Approximate Computation on Big Data

ICDE (2), TKDE (1), WSDM (1)

SARank Incremental Computation
[ICDE-2018] Query Independent Scholarly Article Ranking

Ranking query independent scholarly articles is a practical and difficult task, due to the heterogeneous, evolving and dynamic nature of entities involved in scholarly articles. To do this, we first propose a scholarly article ranking model by assembling the importance of involved entities (i.e., articles, venues and authors) such that the importance is a combination of prestige and popularity to capture the evolving nature of entities. To compute the prestige of articles and venues, we propose a novel Time-Weighted PageRank that extends traditional PageRank with a time decaying factor. We then develop a batch algorithm for scholarly article ranking, in which we propose a block-wise method for Time-Weighted PageRank in terms of an analysis of the citation characteristics of scholarly articles. We further develop an incremental algorithm for dynamic scholarly article ranking, which partitions graphs into affected and unaffected areas, and employs different updating strategies for nodes in different areas. Using real-life data, we finally conduct an extensive experimental study, and show that our approach is both effective and efficient for ranking scholarly articles.

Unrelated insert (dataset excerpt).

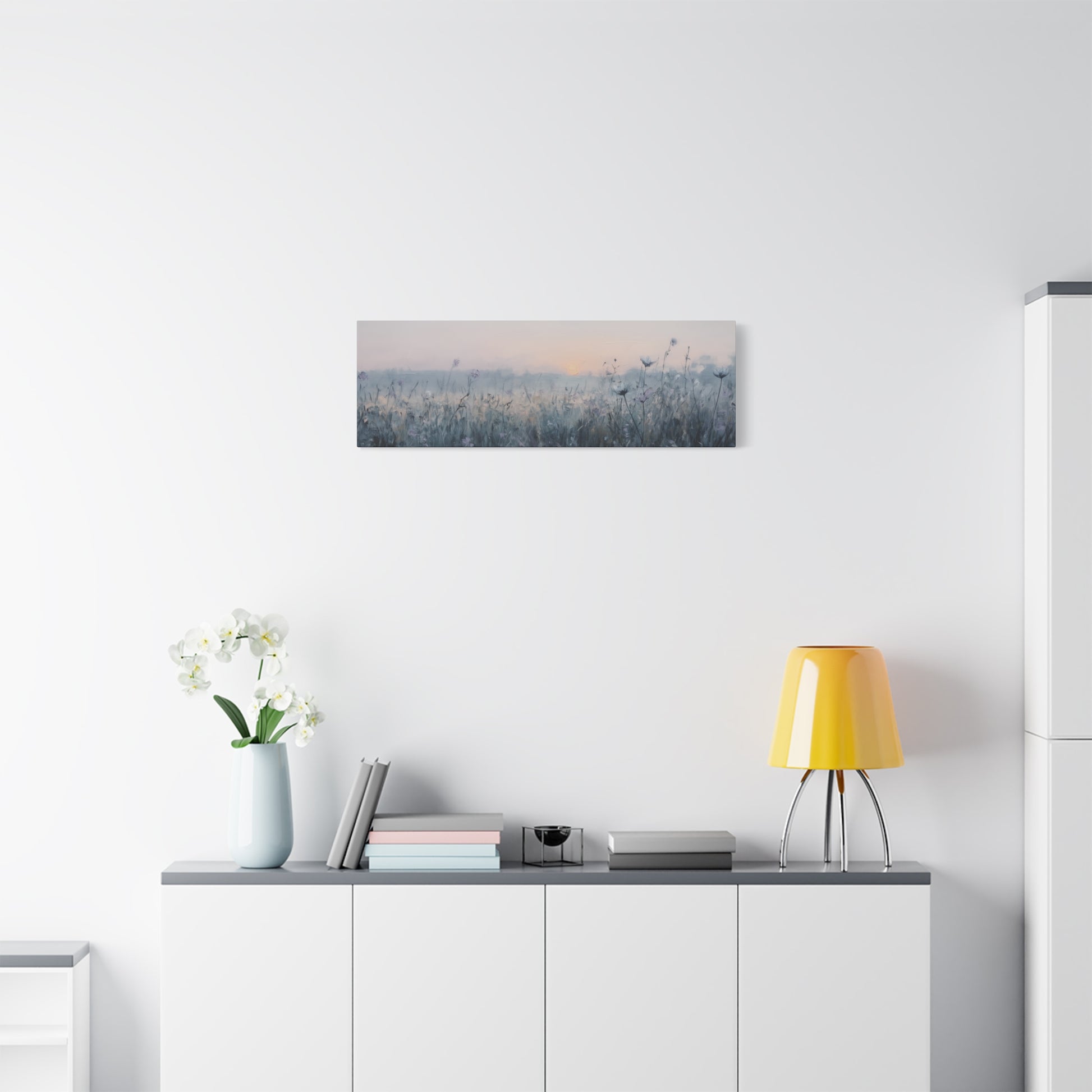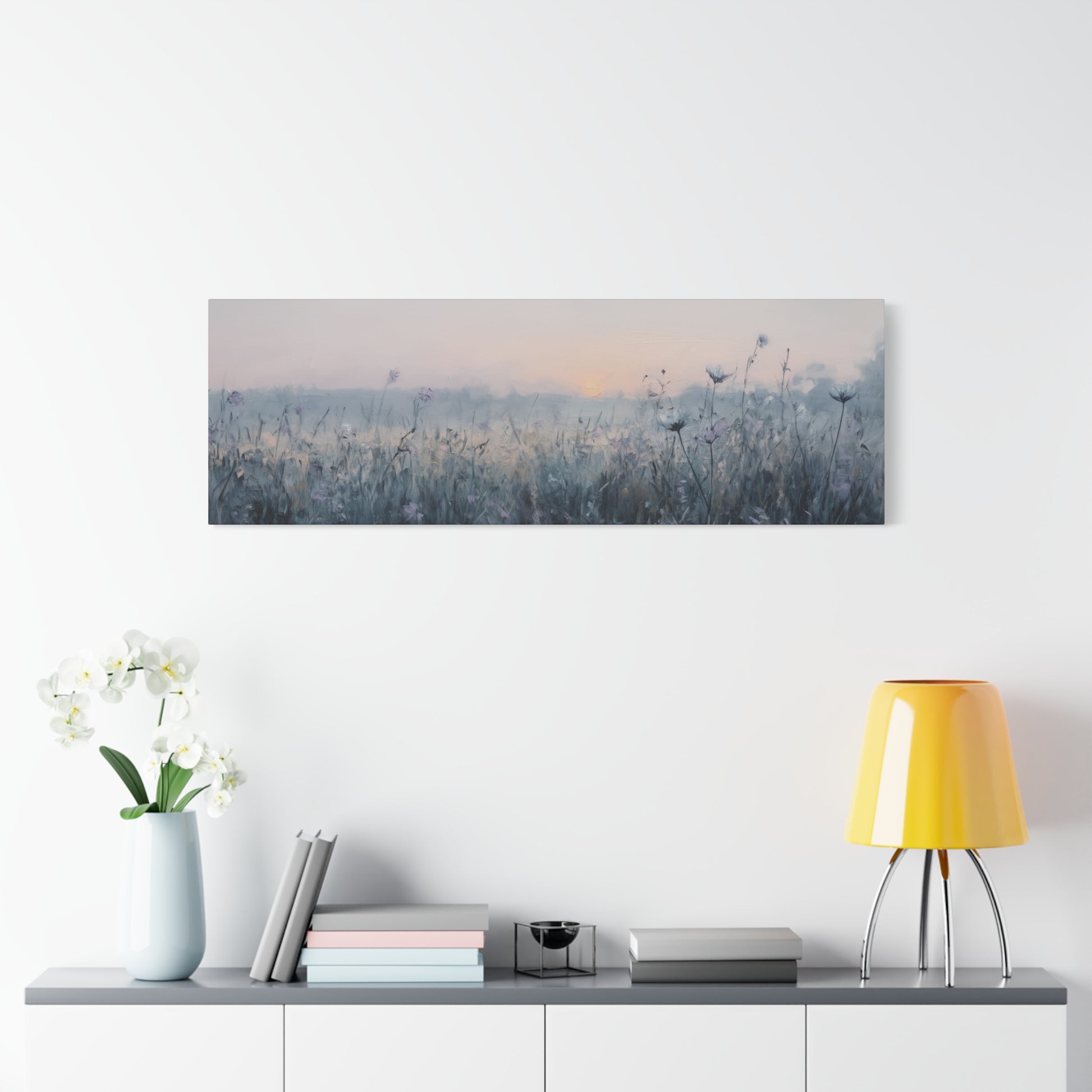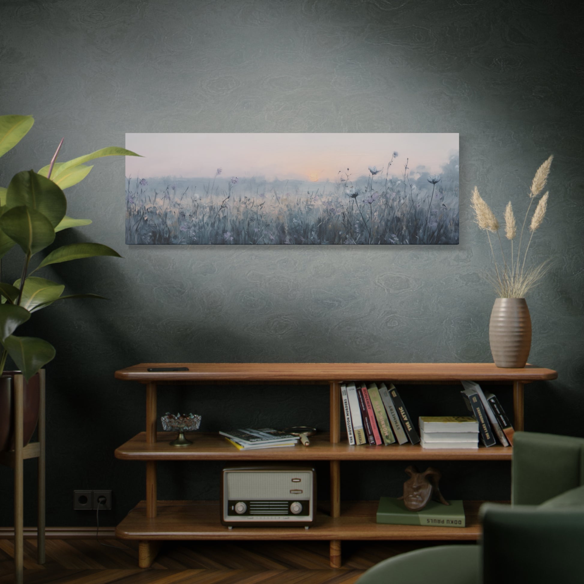 This canvas features a serene oil painting of a botanical field at sunset, rendered in a soft, atmospheric style. The color palette leans towards cool, faded tones, with delicate blues, muted lavenders, and silvery greens blending harmoniously. Expressive brushstrokes add texture and movement, creating a dreamlike, tranquil ambiance. This piece evokes a sense of quiet reflection, making it a perfect addition to a minimalist or nature-inspired space. Ideal for nature lovers, those seeking calm and relaxation, and individuals who appreciate fine art. Perfect for decorating homes, offices, or meditation spaces. Relevant for occasions like birthdays, housewarmings, or as a thoughtful gift for art enthusiasts.

Raw mobility annotation example
[ICDE-2017] Fast Computation of Dense Temporal Subgraphs

Dense subgraph discovery has proven useful in various applications of temporal networks. We focus on a special class of temporal networks whose nodes and edges are kept fixed, but edge weights constantly and regularly vary with timestamps. However, finding dense subgraphs in temporal networks is nontrivial, and its state of the art solution uses a filter-and-verification framework, which is not scalable on large temporal networks. In this study, we propose a data-driven approach to finding dense subgraphs in large temporal networks with T timestamps. (1) We first develop a data-driven approach employing hidden statistics to identifying k time intervals, instead of T ∗ (T + 1)/2 ones (k is typically much smaller than T ), which strikes a balance between quality and efficiency. (2) After proving that the problem has no constant factor approximation algorithms, we design better heuristic algorithms to attack the problem, by building the connection of finding dense subgraphs with a variant of the Prize Collecting Steiner Tree problem. (3) Finally, we have conducted an extensive experimental study to demonstrate the effectiveness and efficiency of our approach, using real-life and synthetic data.